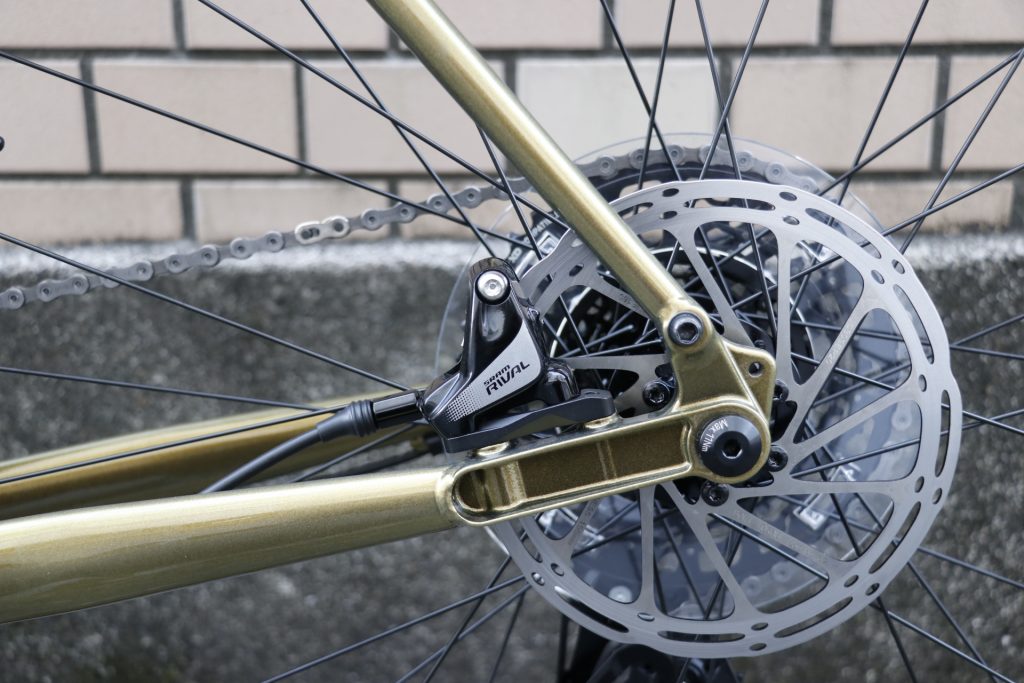 ブレーキはフラットマウントの油圧ディスクブレーキ。
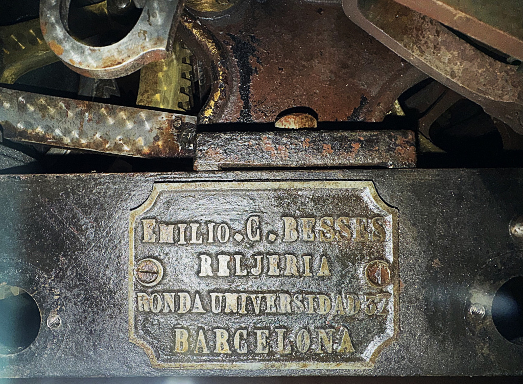 En una altra etiqueta de llautó clavetejada a l'extrem dret, s'hi llegeix la data de col·locació a l'església, la de benedicció i la persona que en fou la promotora: "AQUEST RELLOTGE ES UNA DONACIÓ PIETOSA / QUE A LA MEMORIA I EN SUFRAGI DE SA ESPOSA DIFUNTA / NA DOLORS SOLER I XIVIXELL, AL CEL SIA, / EN PEU A N'AQUESTA IGLESIA PEL SERVEI DEL POBLE. / EN FRANCISCO FIGUERAS I CASALS / FOU COLLOCAT PEL DESEMBRE DE L'ANY 1917 I BENEÏT SOLEMNEMENT / PEL ILM. I RDM. DR. D. FRANCISCO DE P MAS, / BISBE DE GIRONA / EL DIA DE SANT VICENTS DE L'ANY 1918"
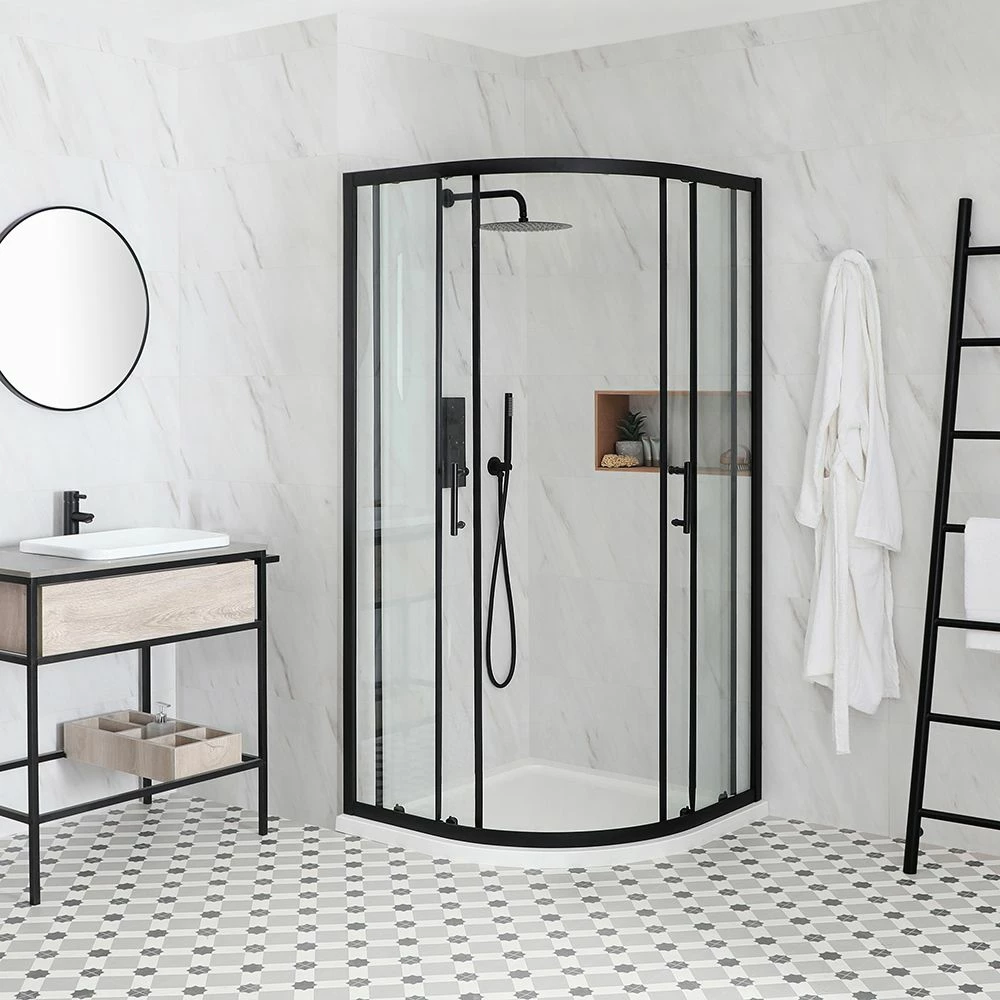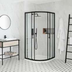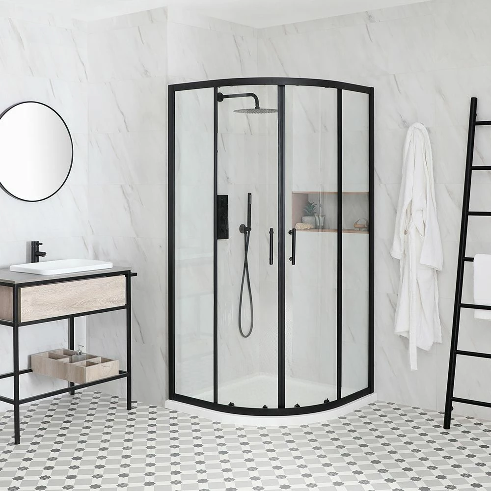 Create a contemporary look and make a statement in your bathroom with the Milano Nero black quadrant shower enclosure. Featuring a matt black frame finish, this tough and durable shower enclosure fits neatly into the corner of your bathroom to maximise space. The 6mm toughened glass provides superb strength, while the magnetic seal ensures the doors stay shut and watertight.
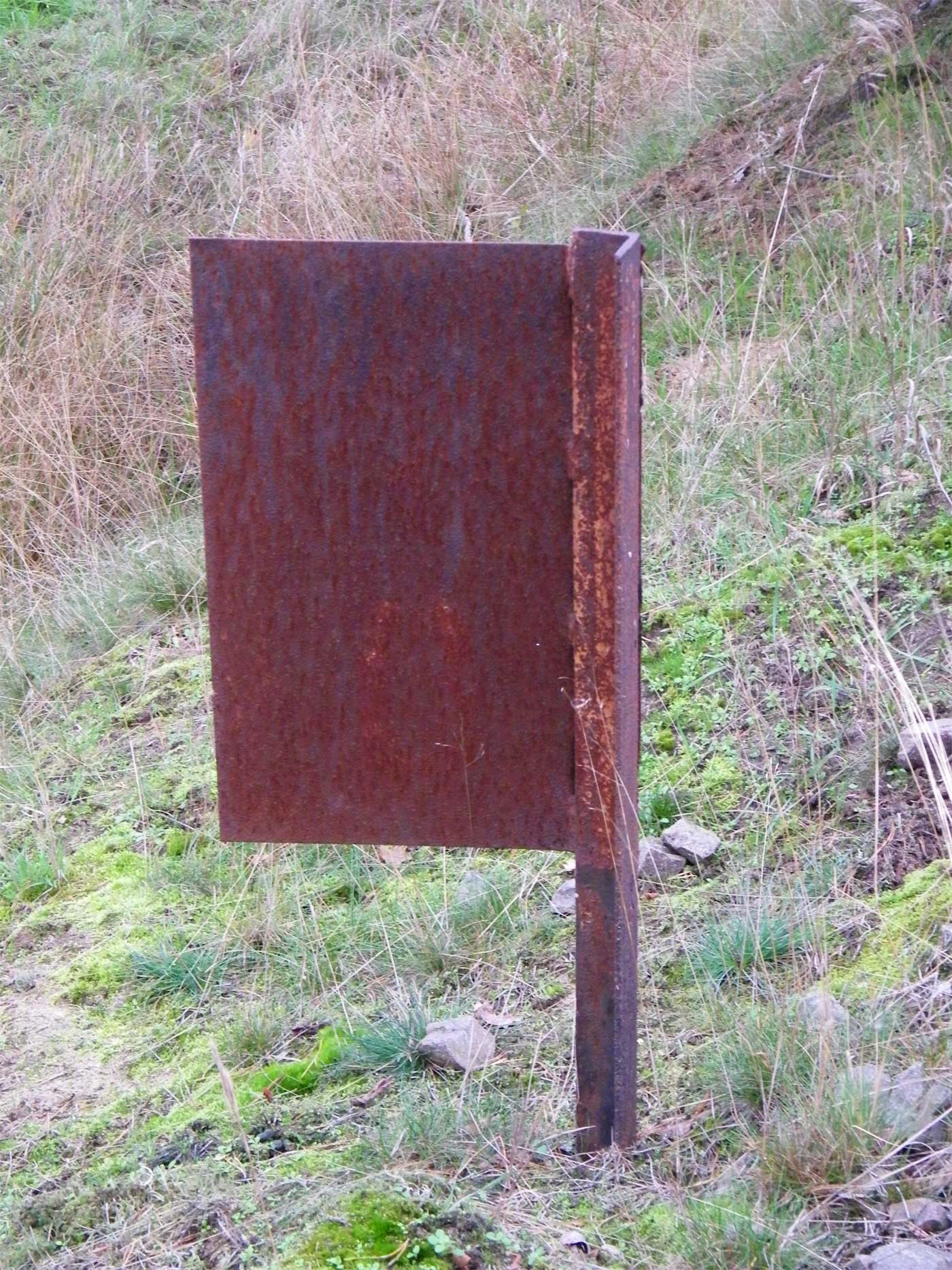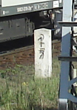 Der Stein zeigte ursprünglich km 2,5 und wurde mit km 1,7 überpinselt
:::
Pictures are not part of the copy; transcribe the rest of the data verbatim.

Result of this task:
 ブレーキはフラットマウントの油圧ディスクブレーキ。
 En una altra etiqueta de llautó clavetejada a l'extrem dret, s'hi llegeix la data de col·locació a l'església, la de benedicció i la persona que en fou la promotora: "AQUEST RELLOTGE ES UNA DONACIÓ PIETOSA / QUE A LA MEMORIA I EN SUFRAGI DE SA ESPOSA DIFUNTA / NA DOLORS SOLER I XIVIXELL, AL CEL SIA, / EN PEU A N'AQUESTA IGLESIA PEL SERVEI DEL POBLE. / EN FRANCISCO FIGUERAS I CASALS / FOU COLLOCAT PEL DESEMBRE DE L'ANY 1917 I BENEÏT SOLEMNEMENT / PEL ILM. I RDM. DR. D. FRANCISCO DE P MAS, / BISBE DE GIRONA / EL DIA DE SANT VICENTS DE L'ANY 1918"
 Create a contemporary look and make a statement in your bathroom with the Milano Nero black quadrant shower enclosure. Featuring a matt black frame finish, this tough and durable shower enclosure fits neatly into the corner of your bathroom to maximise space. The 6mm toughened glass provides superb strength, while the magnetic seal ensures the doors stay shut and watertight.
 Der Stein zeigte ursprünglich km 2,5 und wurde mit km 1,7 überpinselt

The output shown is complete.